The format for the configuration URIs is the following:
s3:${httpProto}://${accessKey}:${secretKey}@${hostAndPort}/?style=${style}
The optional parameter requestTimeout
can also be specified in the query string of such URI:
...?style=${style}&requestTimeout=${timeInMilliseconds}
When using with AWS, the style virtualHost
is recommended. Without (according your AWS settings), you can get the following error if using the path
style.
java.lang.NullPointerException: originalUrl
at com.ning.http.client.uri.UriParser.parse(UriParser.java:X)
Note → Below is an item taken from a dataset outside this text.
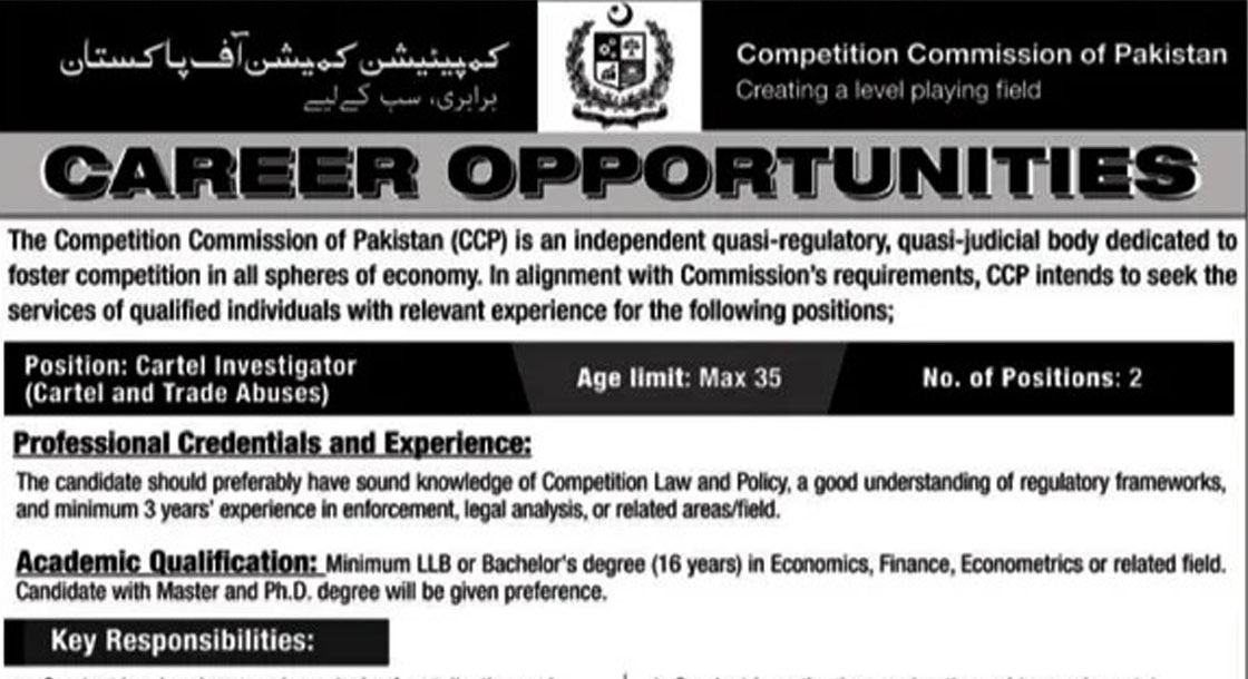 CAREER OPPORTUNITIES Competition Commission of Pakistan CCP Jobs 2025 Apply Online The Competition Commission of Pakistan (CCP) has announced the latest jobs in Pakistan 2025 for qualified professionals. CCP is a vital regulatory body that ensures fair competition in the economy by preventing monopolies, cartelization, and unfair trade practices. With its latest career opportunities in 2025, the Commission is inviting… Read More »

Jet lag: A S3 client must be configured with the appropriate system time. Otherwise with S3, the RequestTimeTooSkewed
error can occur.
java.lang.IllegalStateException: Could not update the contents of the object [...]. Response (403 / Forbidden): <?xml version="1.0" encoding="UTF-8"?><Error><Code>RequestTimeTooSkewed</Code></Error>
Versioning: When using versioning with S3, you may obtain version id "null"
(not null
), this is the version assigned to objects on non-versioned buckets.
See Managing Objects in a Versioning-Enabled Bucket S3 documentation for more details.
Naming Restrictions: S3 bucket naming restriction applies (3-63 characters long, only lower cases, numbers and hyphens, etc.), it’s recommended to use DNS-compliant bucket names.